Cluster detection: one type of pattern recognition that is particularly useful is recognizing distinct clusters or sub-categories within the data. Without data mining, an analyst would have to look at the data and decide on a set of categories which they believe captures the relevant distinctions between apparent groups in the data. This would risk missing important categories. With data mining it is possible to let the data itself determine the groups. This is one of the black-box type of algorithms that are hard to understand. But in a simple example – again with purchasing behavior – we can imagine that the purchasing habits of different hobbyists would look quite different from each other: gardeners, fishermen and model airplane enthusiasts would all be quite distinct. Machine learning algorithms can detect all of the different subgroups within a dataset that differ significantly from each other.

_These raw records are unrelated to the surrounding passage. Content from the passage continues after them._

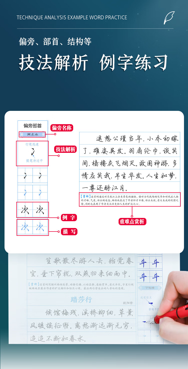 Ink dot copybook, regular script set of 3 volumes, classic culture, three hundred famous Tang poems and Song lyrics, regular script practice copybook, high school college student, adult civil servant postgraduate entrance exam, copybook reading carnival
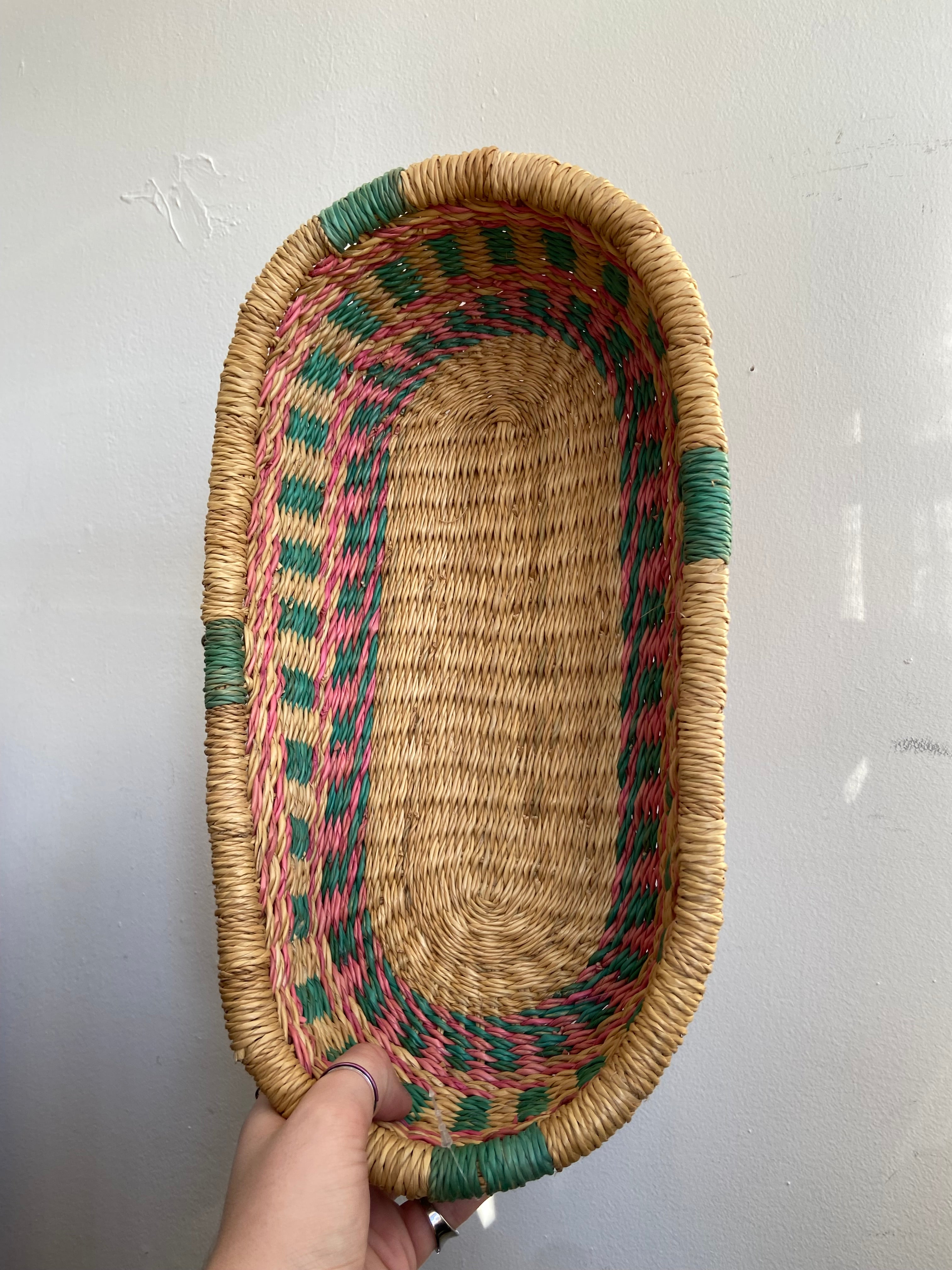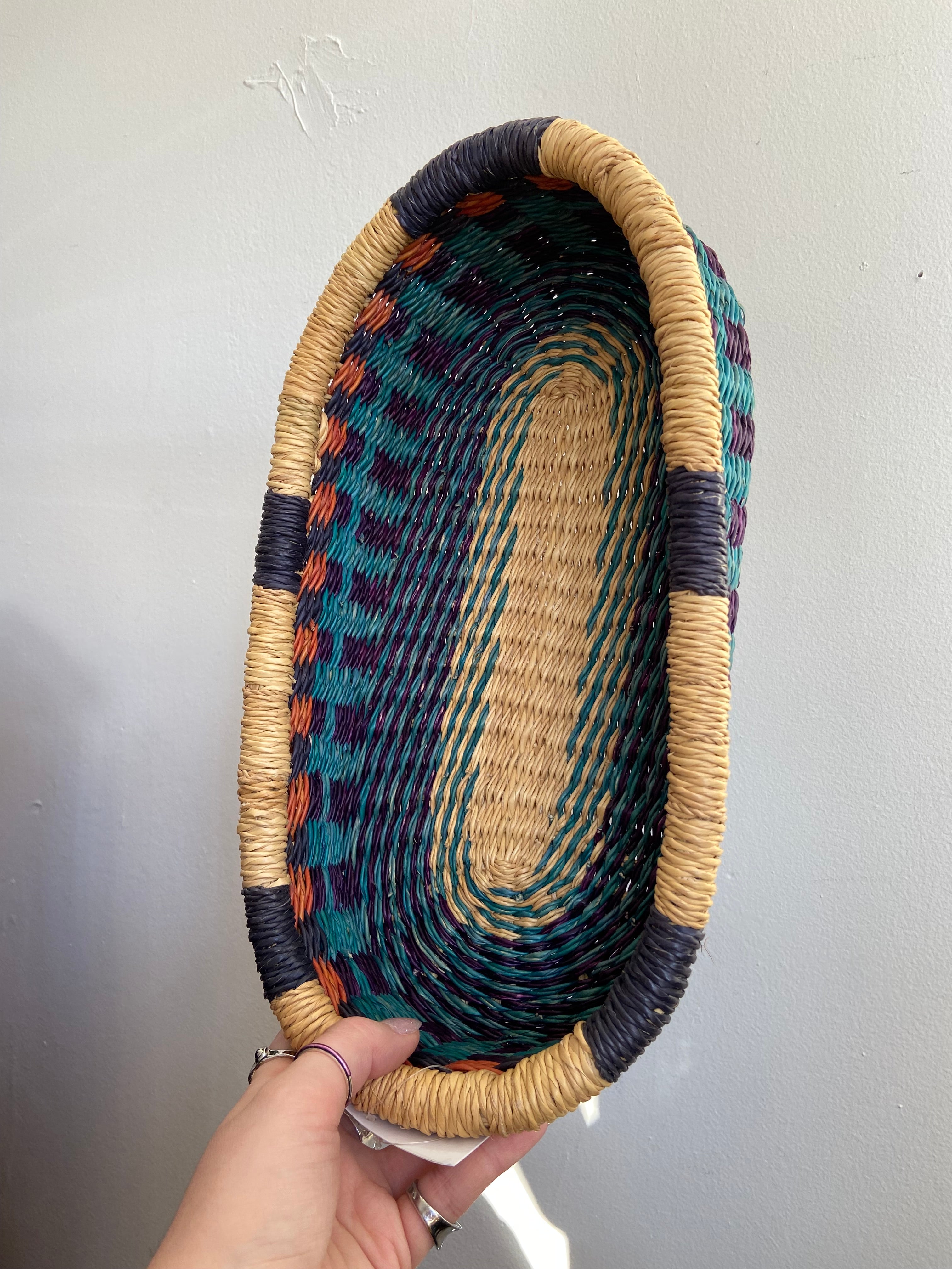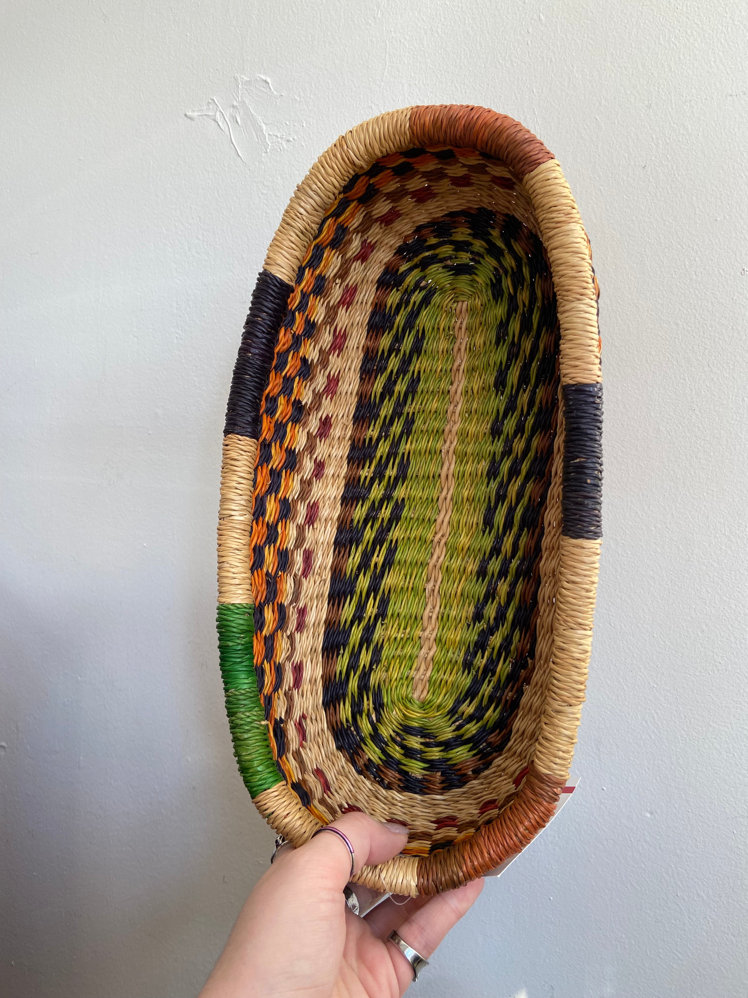 Materials: Veta Vera Grass - Measures: 13”L x 6”W at widest x 2.75”H including lip - Colors: Assorted - Care: Reshape with cold water - Handcrafted in Ghana
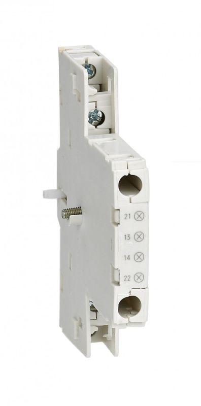 Дополнительный контакт серии ДК-432 Dekraft; ном. раб. ток до 6 А; кол-во и тип контактов — 1НО+1НЗ; установка с правой стороны автомата. Контакт дополнительный серии ДК-432 выполняет функцию контакта состояния автоматического выключателя защиты двигателя серии ВА-432: включен — выключен. Переключение контактов происходит, даже если рукоятка управления выключателя удерживается во взведенном положении.
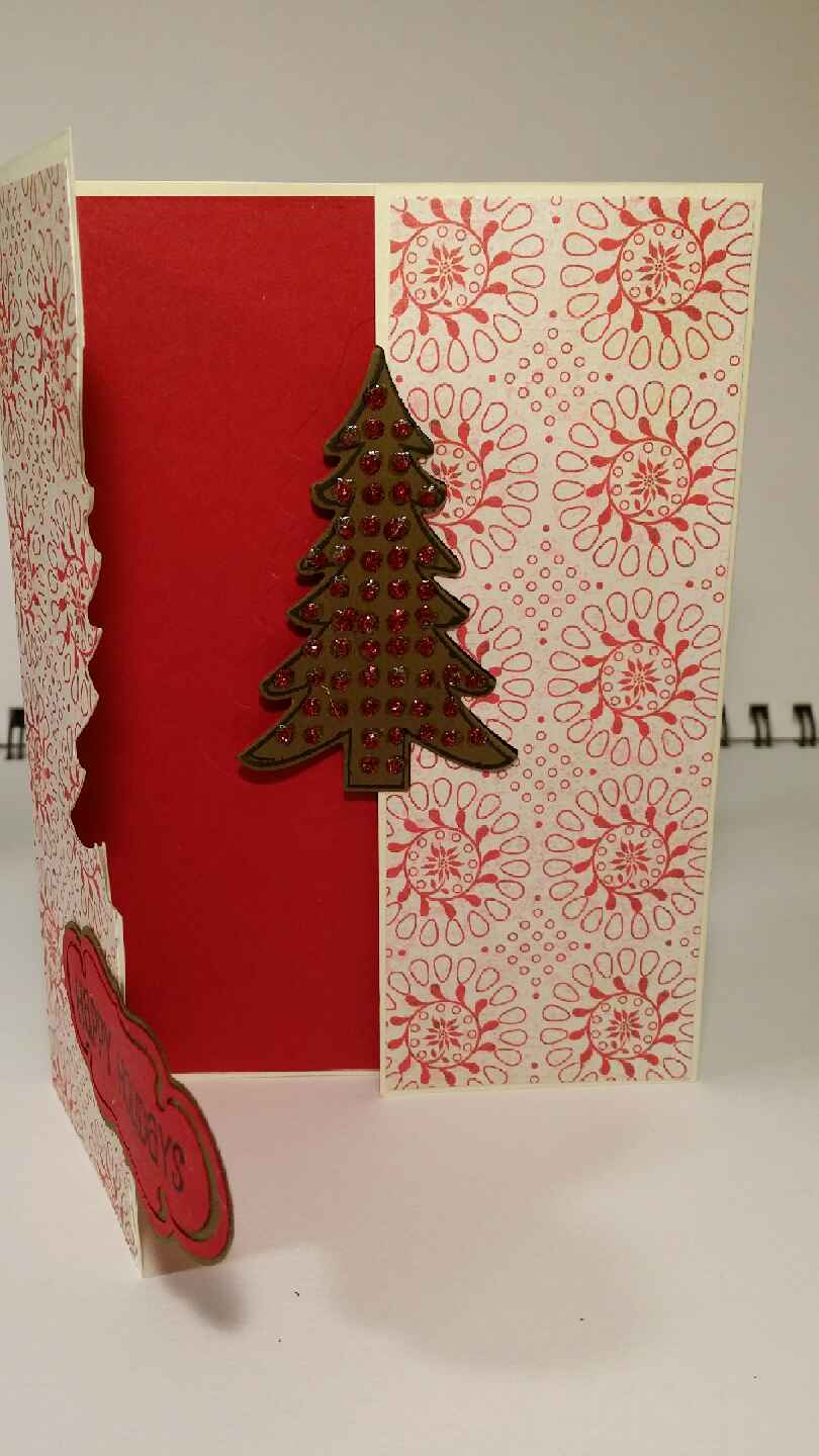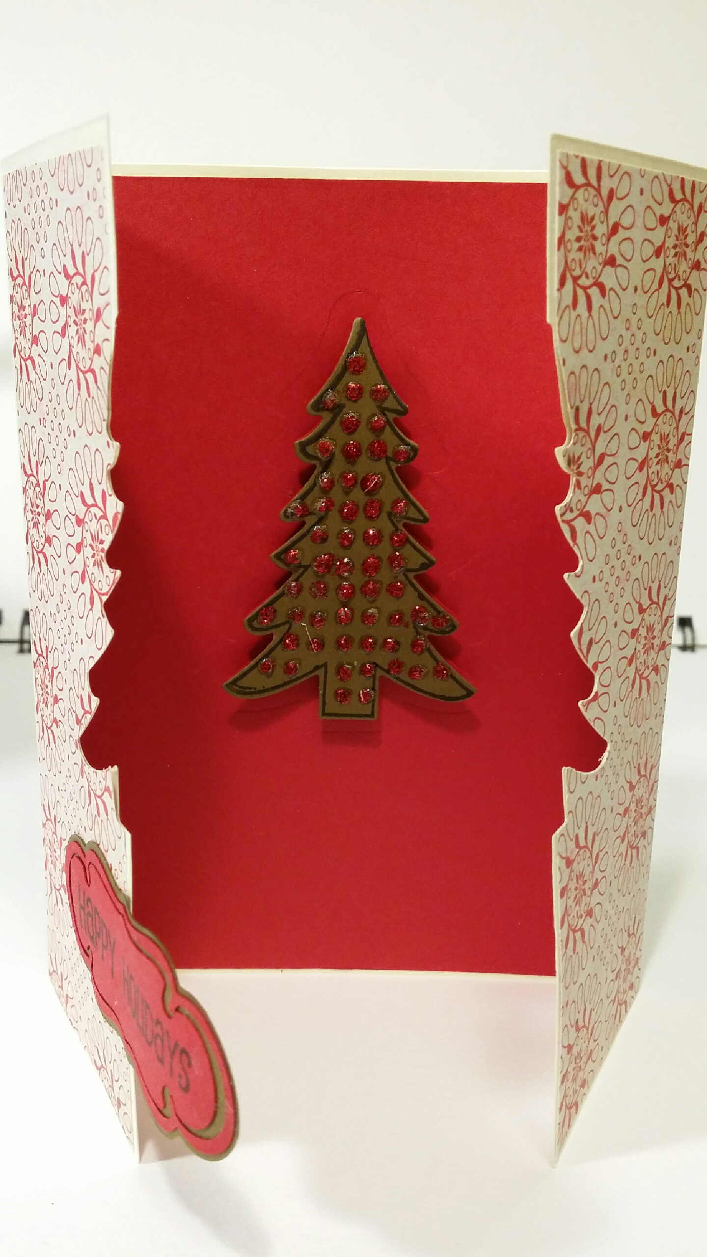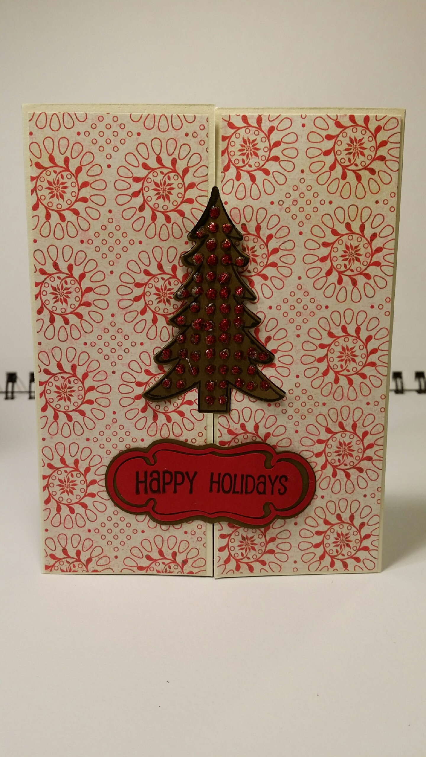 I used the Elegant Embellishments by Anna Griffin for Cricut, Hampton Art 6 pcs die and stamp set (SC-664). The tree is green card with Crimson Zazz, and the tag is green and red card, outside panels are from Basic Grey’s Aspen Frost (cut at 5 3/8 x 2 18)
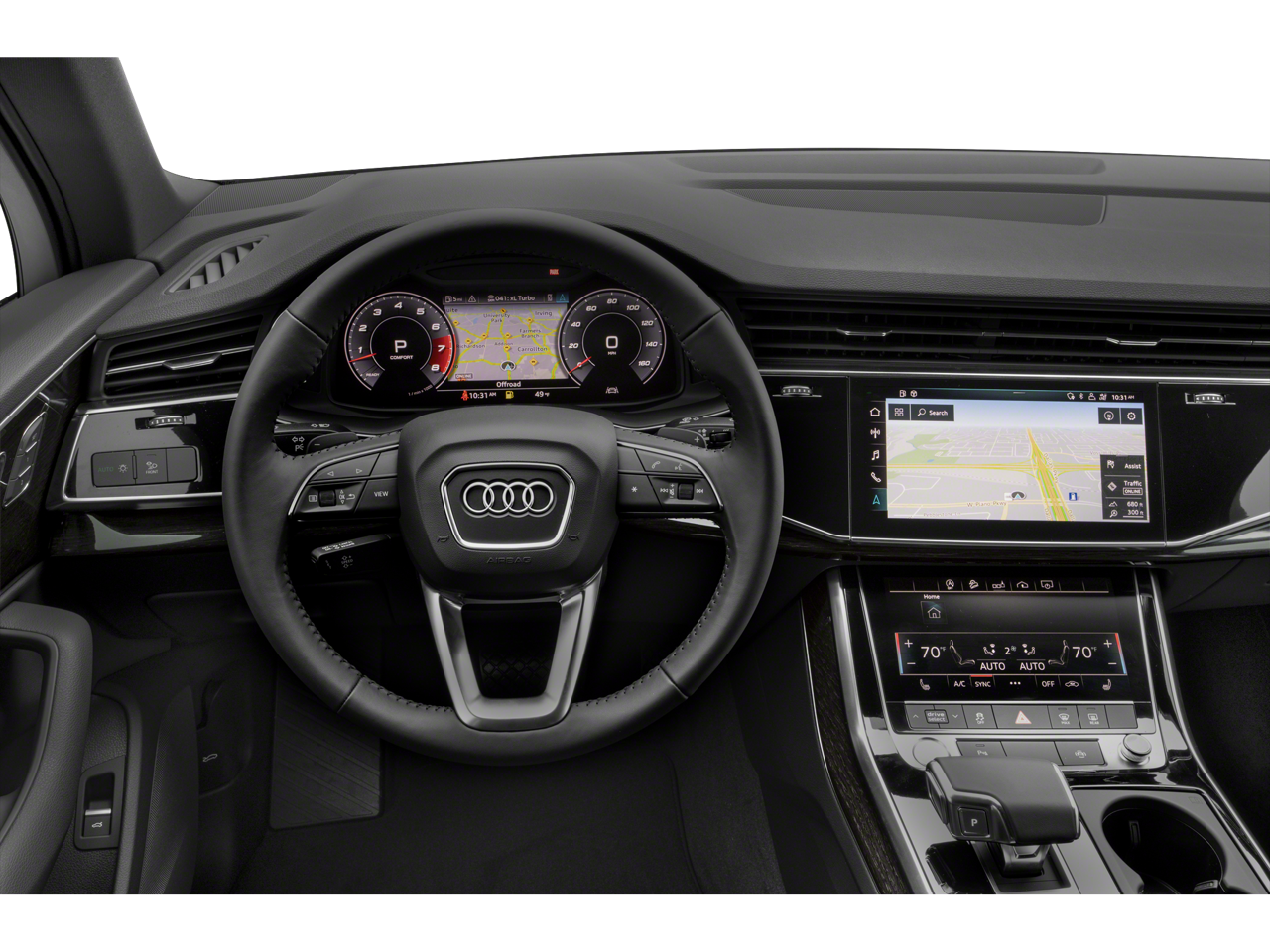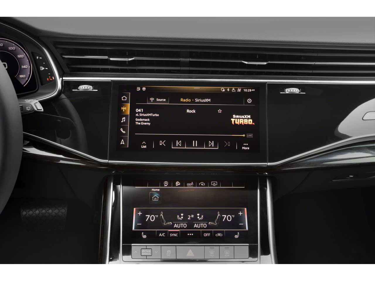 - Radio: Audi Sound System -inc: Audi smartphone interface (wired Android Auto and wireless Apple CarPlay), MMI navigation plus w/MMI touch response - 10.1" upper, 8.6" lower screen, preparation for mobile phone (Bluetooth®) and SIRIUS Satellite Radio (w/3-month complimentary subscription)
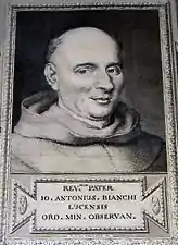 Giovanni Antonio Bianchi was born at Lucca on 2 October 1686. At the age of seventeen he entered the Franciscan Order. He was once elected to the office of Provincial of the Roman Province, and for a number of years was professor of philosophy and theology. During these years of professorship, he no doubt acquired much of the extensive acquaintance with ecclesiastical subjects displayed in the productions of his later life. He possessed a memory of such range and tenacity that he was considered a prodigy by the many students and scholars who came to visit him in his convent cell. Bianchi was held in high esteem by the Roman Curia and by Clement XII, whose successor, Benedict XIV, appointed him consultor of the Holy Office. He died at Rome on 18 January 1768, aged eighty-one.[1]
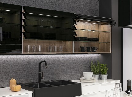 So eine L-Insel kann auch ein bisschen kompakter aufgebaut werden. Wenn Sie Feuer gefangen haben, kommen Sie einfach auf uns zu! Das gezeigte Beispiel der mattgrauen L-Kücheninsel zeigt, dass diese sich auch sehr gut für offene Küchen eignet: Die zum Wohnraum hin zeigende L-Seite wird mit Regaleinschüben versehen, in die man hübsche Gefäße stellen kann, was gleich eine wohnliche Atmosphäre verbreitet.
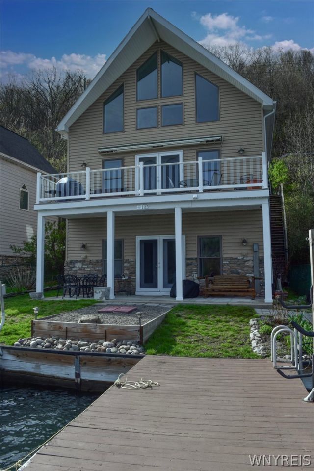 This three-story lake house features two bedrooms, two full bathrooms, and beautiful views of Keuka Lake. Just a short walk from the Village of Hammondsport with its, restaurants, shops, and waterfront, you can enjoy the perfect blend of Keuka Lake living and village convenience. Stairs and elevator access bring you to the home, where radiant heated floors run throughout every level for year-round comfort. The main floor offers a beautiful, thoughtfully designed kitchen. The second story includes the primary bedroom and bathroom, along with a quiet space ideal for a home office or library. With air-conditioning and a generator, the property is truly move-in ready. A deck off the dining area overlooks the water, creating an ideal spot for morning coffee and sunrise views. The walkout basement opens to a spacious patio, offering a seamless connection between indoor and outdoor living. Two docks and a dedicated boat slip provide effortless access to the lake, whether you're relaxing by the water or heading out for a day on the boat. Thoughtfully designed and ideally located, this home offers a warm and welcoming year-round Keuka Lake retreat.

Classification: If an existing structure is already known, data mining can be used to classify new cases into these pre-determined categories. Learning from a large set of pre-classified examples, algorithms can detect persistent systemic differences between items in each group and apply these rules to new classification problems. Spam filters are a great example of this – large sets of emails that have been identified as spam have enabled filters to notice differences in word usage between legitimate and spam messages, and classify incoming messages according to these rules with a high degree of accuracy.

Regression: Data mining can be used to construct predictive models based on many variables. Facebook, for example, might be interested in predicting future engagement for a user based on past behavior. Factors like the amount of personal information shared, number of photos tagged, friend requests initiated or accepted, comments, likes etc. could all be included in such a model. Over time, this model could be honed to include or weight things differently as Facebook compares how the predictions differ from observed behavior. Ultimately these findings could be used to guide design in order to encourage more of the behaviors that seem to lead to increased engagement over time.

Several of these seem similar to methods commonly used by sociologists:

1. Anomaly detection seems like looking for outliers. On one hand, outliers can throw off basic measures of central tendency or dispersion. On the other hand, outliers can help prompt researchers to reassess their models and/or theories to account for the unusual cases.

2. Cluster detection and/or classification appear similar to factor analysis. This involves a statistical analysis of a set of variables to see which ones “hang together.” This can be helpful for finding categories and reducing the number of variables in an analysis to a lesser number of important concepts.

3. Regression is used all the time both for modeling and predictions.

This all reminds me of what I heard in graduate school about the difference between data mining and statistical research: data mining amounted to atheoretical analysis. In other words, you might find relationships  between variables (or apparent relationships between variables – could always be a spurious association or there could be suppressor or distorter effects) but you wouldn’t have compelling explanations for these relationships. While you might be able to develop some explanations, this is a different process than hypothesis testing where you set out to look and test for relationships and patterns.